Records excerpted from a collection
════════

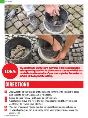 Add weight to the inside of the smaller container to keep it in place and vibrate or tap to remove air bubbles . Leave to cure for 24 – 48 hours out of the sun . Carefully remove the first the outer container and then the inner container to reveal your planter . You can then sand where needed to smooth out any rough areas . If you choose , you can also spray paint your planter any colour you choose .
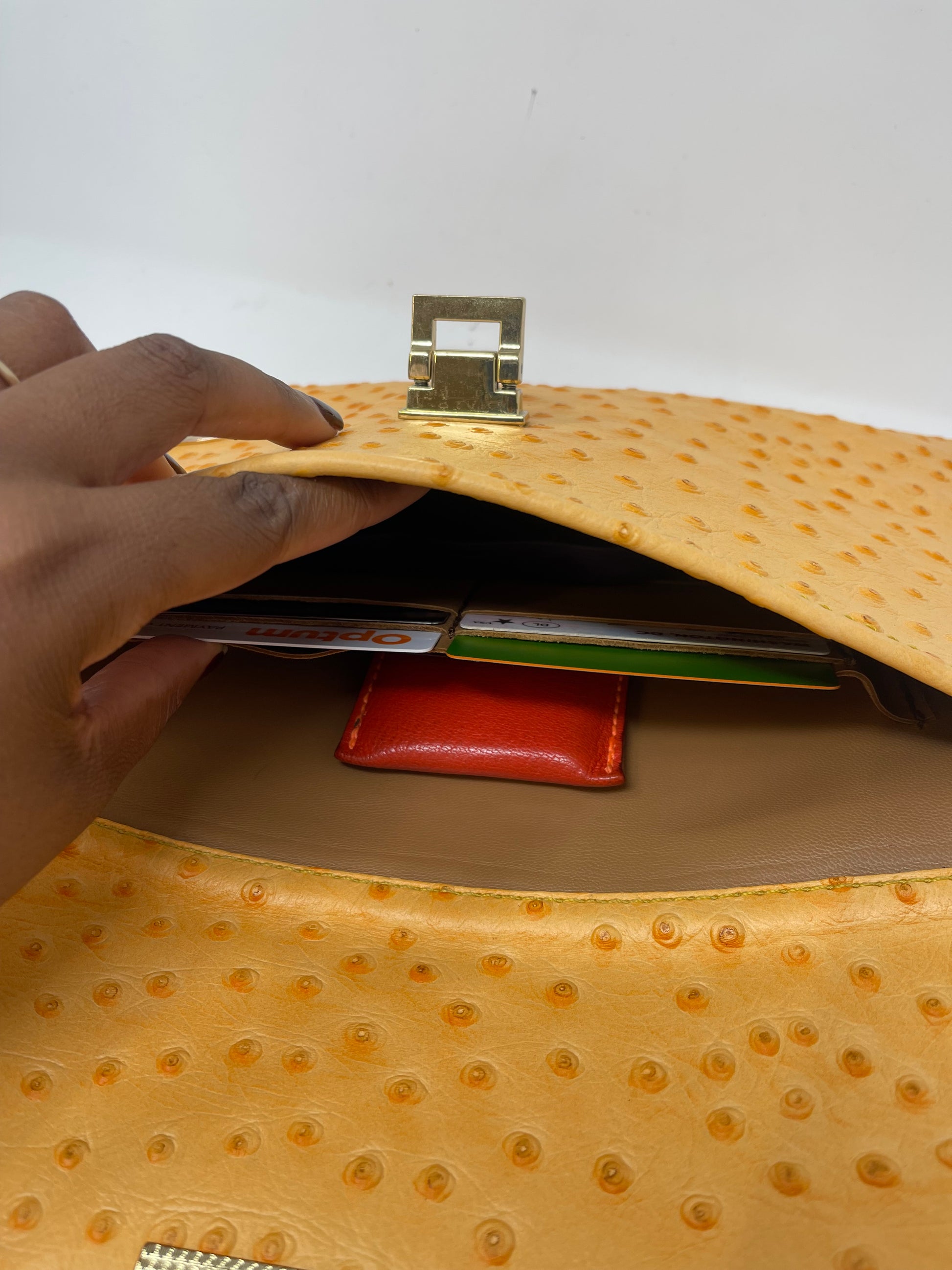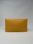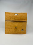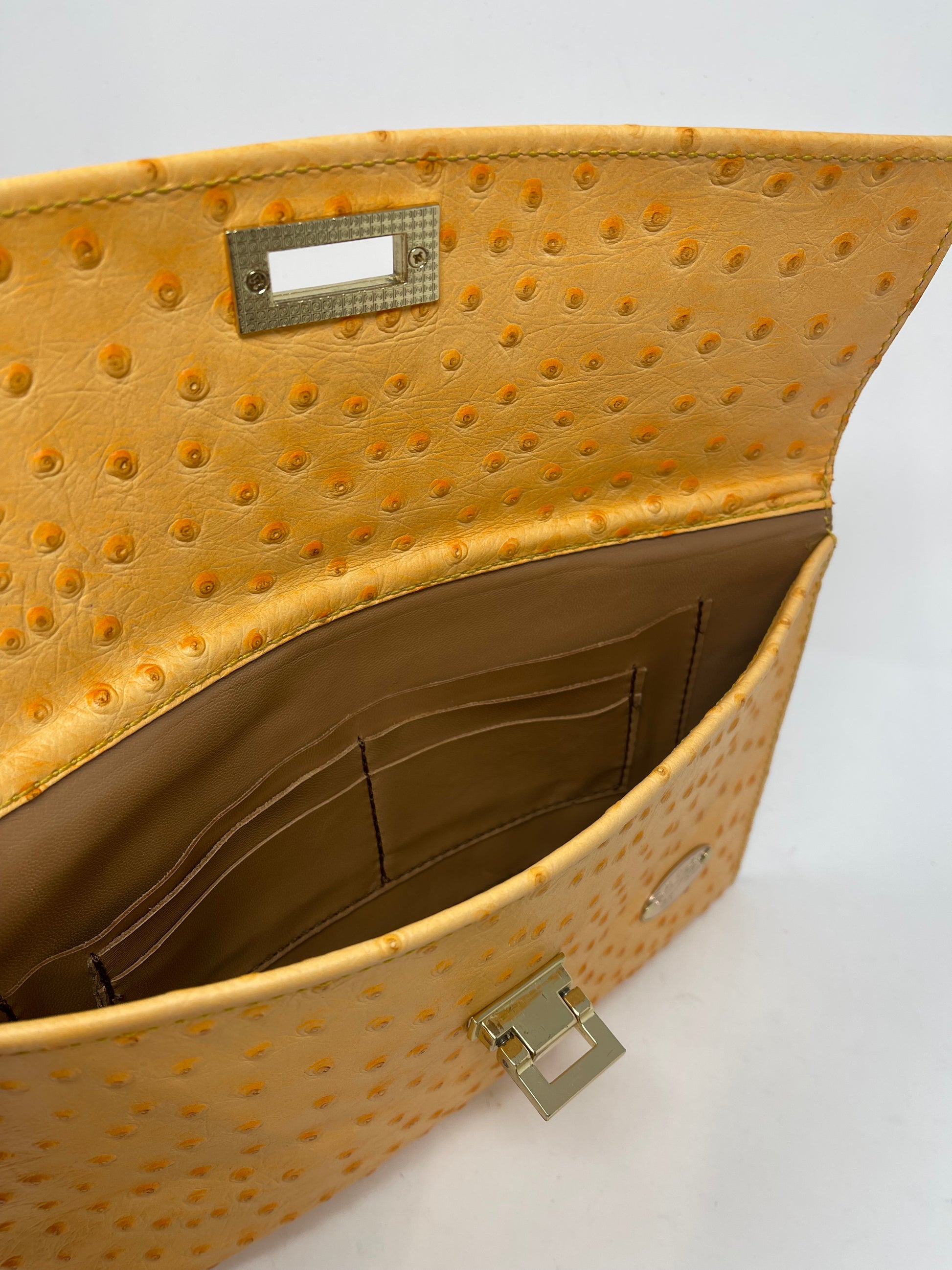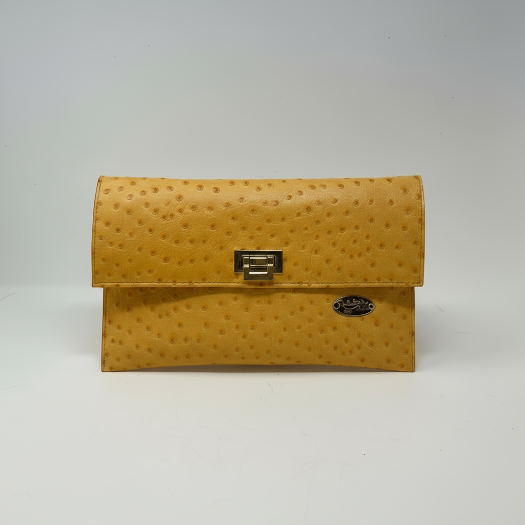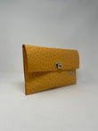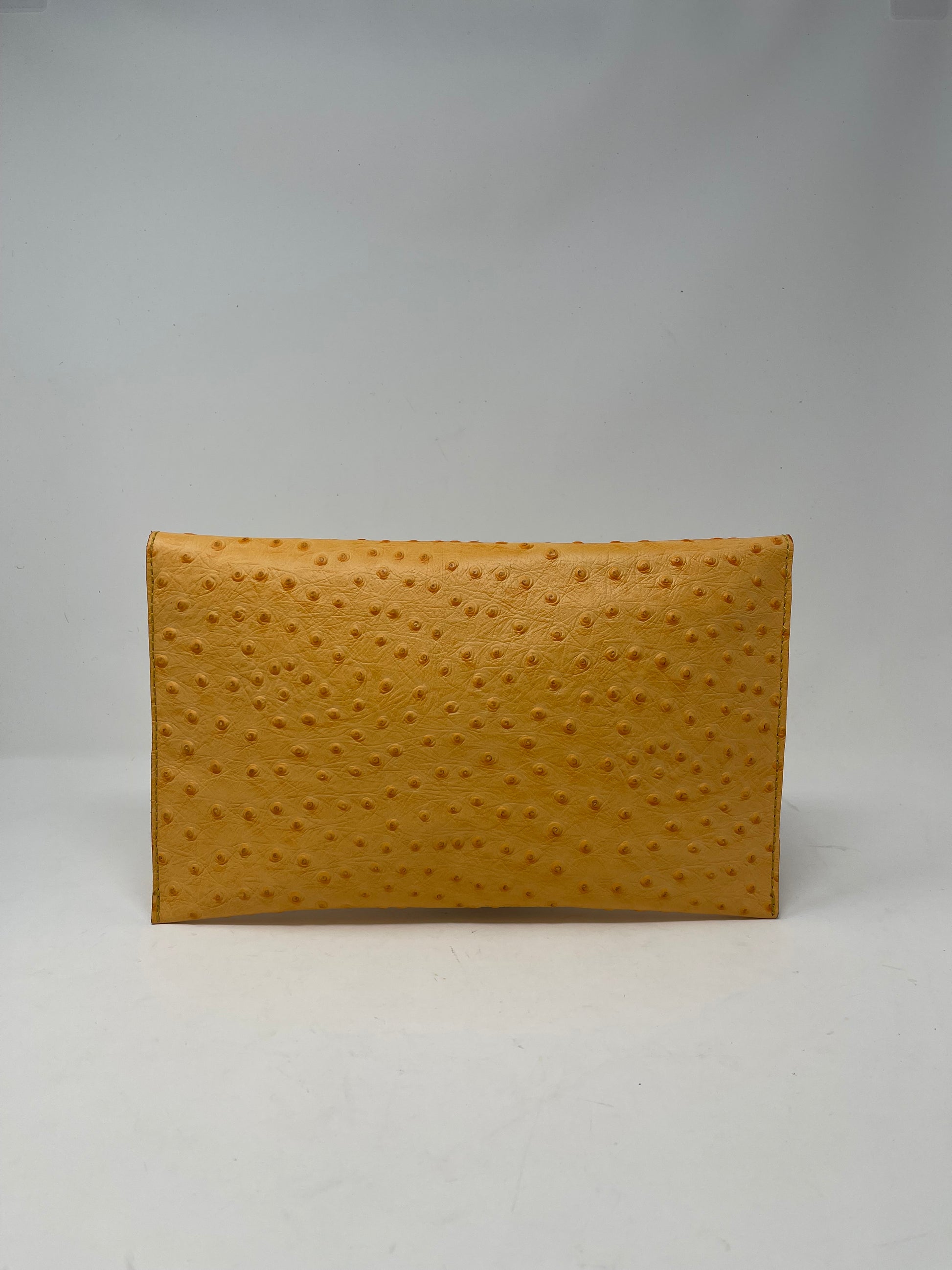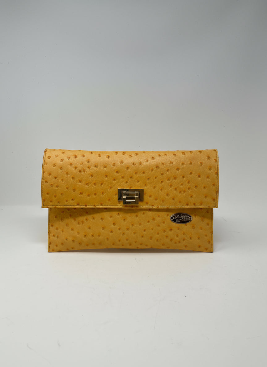 This textured one of clutch is made from a yellow embossed ostrich leather. It’s compact yet spacious, providing inside pockets for all of your most important needs. It features gold hardware in the form of a tag as well as a barrel turn closure.
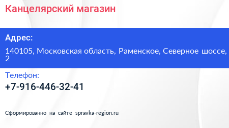 Канцелярский магазин по адресу 140105, Московская область, Раменское, Северное шоссе, 2 в дальнейшем Организация, размещена в следующих категориях:
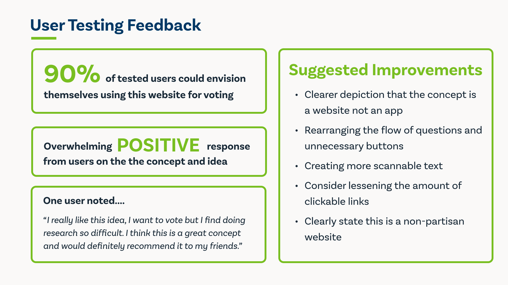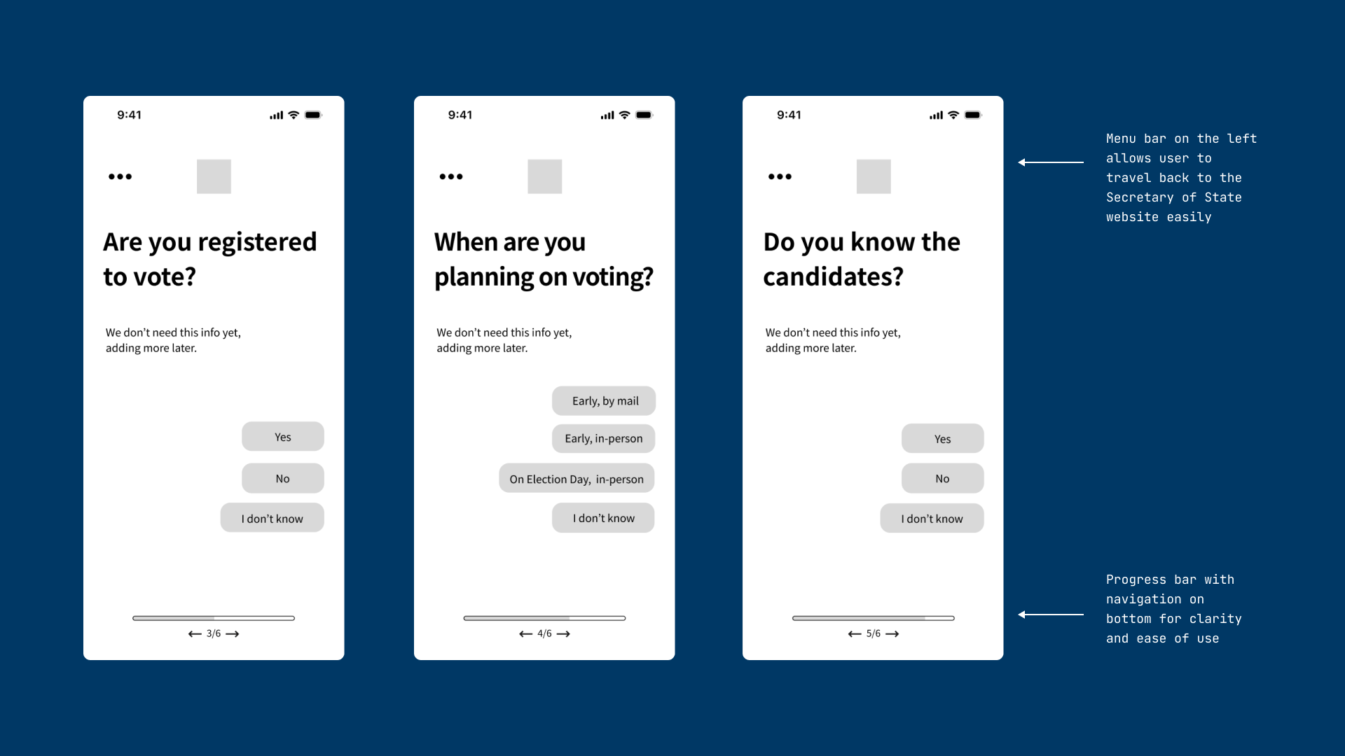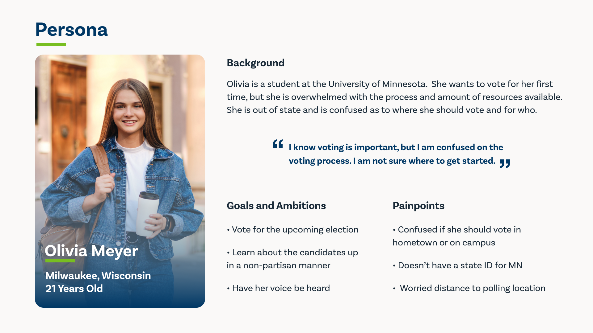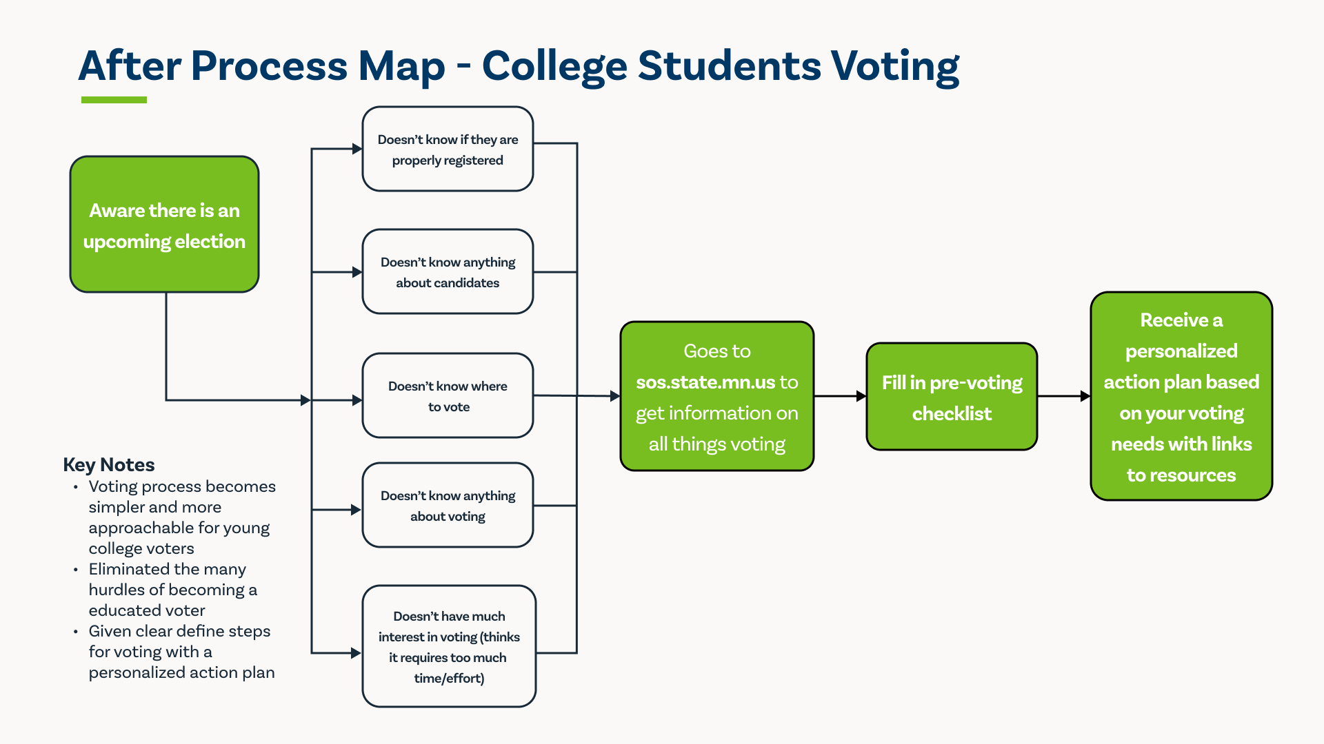 Before moving on to the Hi-Fi prototype, our team created the visual identity of the questionnaire. Since the Minnesota Secretary of State is our client for the program, we borrowed their “Minnesota Blue” and “Minnesota Green” with new names and a navy color for buttons and text for high contrast plus readability. Utilizing their colors allowed for a cohesive transition across the MN Secretary of State's website.
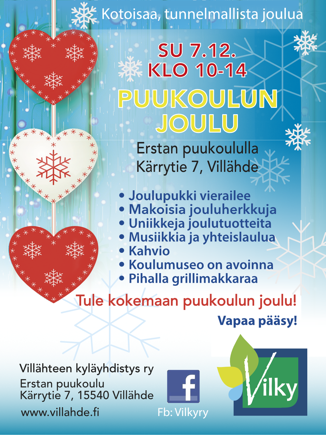 Pukinkontin mitalla jouluista tunnelmaa Lahden Villähteellä Puukoulun joulu -tapahtumassa! Uniikkeja myyntituotteita. Jouluista musiikkia ja yhteislaulua, joulupukki saapuu paikalle klo 10-11. Buffetti. Koulumuseo auki! 120 vuotta vanhan puukoulun idylliä. Vapaa pääsy.
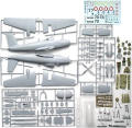 Except the very old 1/50 scale basic kit from French manufacturer Heller, aficionados of this lovely bird have long awaited a Dynavector kit, that never arrived on the shelves. Once again the courageous French artisan Fonderie Miniature tackle the subject. In the usual cardboard box you’ll find 192 parts; 23 in resin, 43 in white metal, 12 in vac-form (doubled “just in case if..”, 114 in plastic. The plastic part surface is better than the former models, though I notice nine sink marks on gear doors, top fuselage antenna and back of propellers and some engraved line that “swing” in some area around the karman fuselage.
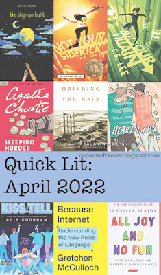 All Joy and No Fun: The Paradox of Modern Parenthood by Jennifer Senior: This was an engaging and highly validating book on parenting told through a combination of interviews and studies that have been done throughout the years. Rather than focusing on "how to" parent, Senior is more concerned with how we do parent and what meaning we make of that. Recommended for both current and aspiring parents!

════════

All entries above should be printed exactly, though without their pictures.

 Add weight to the inside of the smaller container to keep it in place and vibrate or tap to remove air bubbles . Leave to cure for 24 – 48 hours out of the sun . Carefully remove the first the outer container and then the inner container to reveal your planter . You can then sand where needed to smooth out any rough areas . If you choose , you can also spray paint your planter any colour you choose .
 This textured one of clutch is made from a yellow embossed ostrich leather. It’s compact yet spacious, providing inside pockets for all of your most important needs. It features gold hardware in the form of a tag as well as a barrel turn closure.
 Канцелярский магазин по адресу 140105, Московская область, Раменское, Северное шоссе, 2 в дальнейшем Организация, размещена в следующих категориях:
 Before moving on to the Hi-Fi prototype, our team created the visual identity of the questionnaire. Since the Minnesota Secretary of State is our client for the program, we borrowed their “Minnesota Blue” and “Minnesota Green” with new names and a navy color for buttons and text for high contrast plus readability. Utilizing their colors allowed for a cohesive transition across the MN Secretary of State's website.
 Pukinkontin mitalla jouluista tunnelmaa Lahden Villähteellä Puukoulun joulu -tapahtumassa! Uniikkeja myyntituotteita. Jouluista musiikkia ja yhteislaulua, joulupukki saapuu paikalle klo 10-11. Buffetti. Koulumuseo auki! 120 vuotta vanhan puukoulun idylliä. Vapaa pääsy.
 Except the very old 1/50 scale basic kit from French manufacturer Heller, aficionados of this lovely bird have long awaited a Dynavector kit, that never arrived on the shelves. Once again the courageous French artisan Fonderie Miniature tackle the subject. In the usual cardboard box you’ll find 192 parts; 23 in resin, 43 in white metal, 12 in vac-form (doubled “just in case if..”, 114 in plastic. The plastic part surface is better than the former models, though I notice nine sink marks on gear doors, top fuselage antenna and back of propellers and some engraved line that “swing” in some area around the karman fuselage.
 All Joy and No Fun: The Paradox of Modern Parenthood by Jennifer Senior: This was an engaging and highly validating book on parenting told through a combination of interviews and studies that have been done throughout the years. Rather than focusing on "how to" parent, Senior is more concerned with how we do parent and what meaning we make of that. Recommended for both current and aspiring parents!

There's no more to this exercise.